[webkit-dev] Iterating SunSpider

Geoffrey Garen ggaren at apple.com
Tue Jul 7 15:58:55 PDT 2009


> Are you saying that you did see Regex as being such a high  
> percentage of javascript code?  If so, we're using very different  
> mixes of content for our tests.

I'm saying that I don't buy your claim that regular expression  
performance should only count as 1% of a JavaScript benchmark.

I don't buy your premise -- that regular expressions are only 1% of  
JavaScript execution time on the web -- because I think your sample  
size is small, and, anecdotally, I've seen significant web  
applications that make heavy use of regular expressions for parsing  
and validation.

I also don't buy your conclusion -- that if regular expressions  
account for 1% of JavaScript time on the Internet overall, they need  
not be optimized.

First, generally, I think it's dubious to say that there's any major  
feature of JavaScript that need not be optimized. Second, it's  
important for all web apps to be fast in WebKit -- not just the ones  
that do what's common overall. Third, we want to enable not only the  
web applications of today, but also the web applications of tomorrow.

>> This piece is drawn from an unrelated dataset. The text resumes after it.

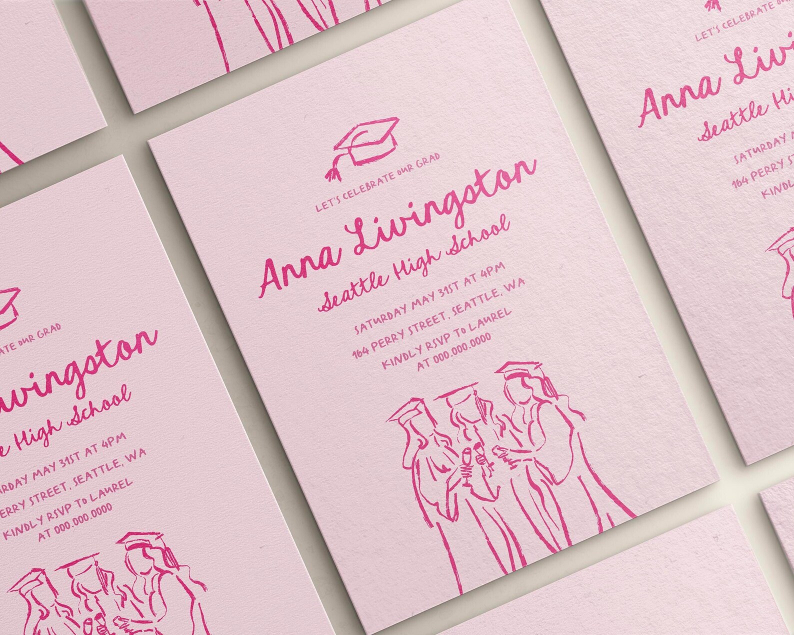 Pink Drawn Style Graduation Invitation Template, Senior Graduation ...

To some extent, I think you must agree with me, since v8 copied  
JavaScriptCore in implementing a regular expression JIT, and the v8  
benchmark copied SunSpider in including regular expressions as a test  
component.

I like SunSpider because of its balance. I think SunSpider, unlike  
some other benchmarks, tends to encourage broad thinking about all the  
different parts of the JavaScript language, and design tradeoffs  
between them, while discouraging tunnel vision. You can't just  
implement fast integer math, or fast property access, and call it a  
day on SunSpider. Instead, you need to consider many different  
language features, and do them all well.